Current project, not completed, but about one half done, is a unique cutoffs cart….......of course I never do anything from plans. If it ain't wierd, I am not interested….....(-:

Later…....

6 deg right now at noon, finally warming up…......


----------



## Danpaddles (Jan 26, 2012)

55 and sunshine in Indianapolis, more of the same tomorrow. We have all the global warming we want here!


----------



## Kentuk55 (Sep 21, 2010)

very interesting. thnx for the link


----------



## Chipncut (Aug 18, 2006)

*Hi Jim, in Cool, & Deep Anchorage Alaska!*

We've been setting records here too, but just the opposite . Our lawn finally was a snow cover, but not much. 
We've only had minus zero temps about two days so far.
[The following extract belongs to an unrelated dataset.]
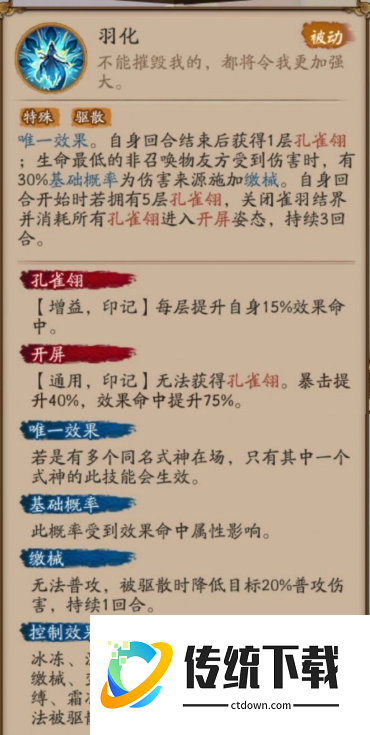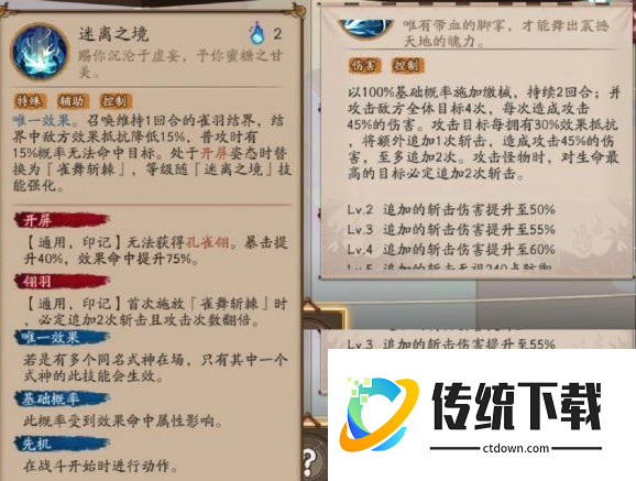 召唤结界,降低对方抗性,开屏会替换成强化大招,对敌方群伤4次之后还会进行追加攻击。

Maybe we'll get some normally cold weather in Feb. & March.

You have a nice place in La Conner, absorb as much of it as you can. Also enjoy yourself in Vegas. I hope you don't have to hitchhike home. <O}$


----------



## Chipncut (Aug 18, 2006)

*You're Welcome! Roger!*

*I'm jealous Dan!*


----------



## a1Jim (Aug 9, 2008)

Thanks for sharing this hing with us Dick,


----------



## Chipncut (Aug 18, 2006)

*You're welcome Jim!

It's interesting!*


----------



## TopamaxSurvivor (May 2, 2008)

Nice find Dick. thanks for the post.


----------



## devann (Jan 11, 2011)

That was cool, thanks for sharing that with us.


----------



## LeeJ (Jul 4, 2007)

Hi Dick,

Clever.

Thanks for posting that.

Lee


----------



## Chipncut (Aug 18, 2006)

*You're welcome, Topa!*


----------



## Chipncut (Aug 18, 2006)

*You're welcome, Darrell!*


----------



## Chipncut (Aug 18, 2006)

*You're welcome, Lee!*

*I came upon this link by accident. I was searching for something else, & this turned up.*


----------



## jbertelson (Sep 26, 2009)

Thanks Dick, this is Wednesday afternoon, packing and organizing things for our vacation trip south. Of course we have a winter storm warning, but it looks like it ends this evening, so should get out all right in the morning. We leave at 0730 hrs. Alaska Airlines flys only 737's, but the ones coming here usually have heads up displays with a virtual runway displayed, and can land and take off with effectively zero visibility. The big problem is the occasional high winds. In Anchorage that means 80 to 100 mph gusts…..which never get any press anywhere else. Interesting. That kind of wind happens about every other year…....lose some shingles, but no other problems…......(-:

......the moose love it, cleans the velvet off their antlers…........(-:

......beavers hate it, strips the bark off their food cache….........(-:

Alaska. You know. Tough to be the biggest and baddest…......

........gotta get into my leather helmet, afix the goggles, silk scarf around my neck, tuck my pants into my boots, and put on the leather coat with the sheepskin collar…......

...and git out of here…......!!

Later…........


----------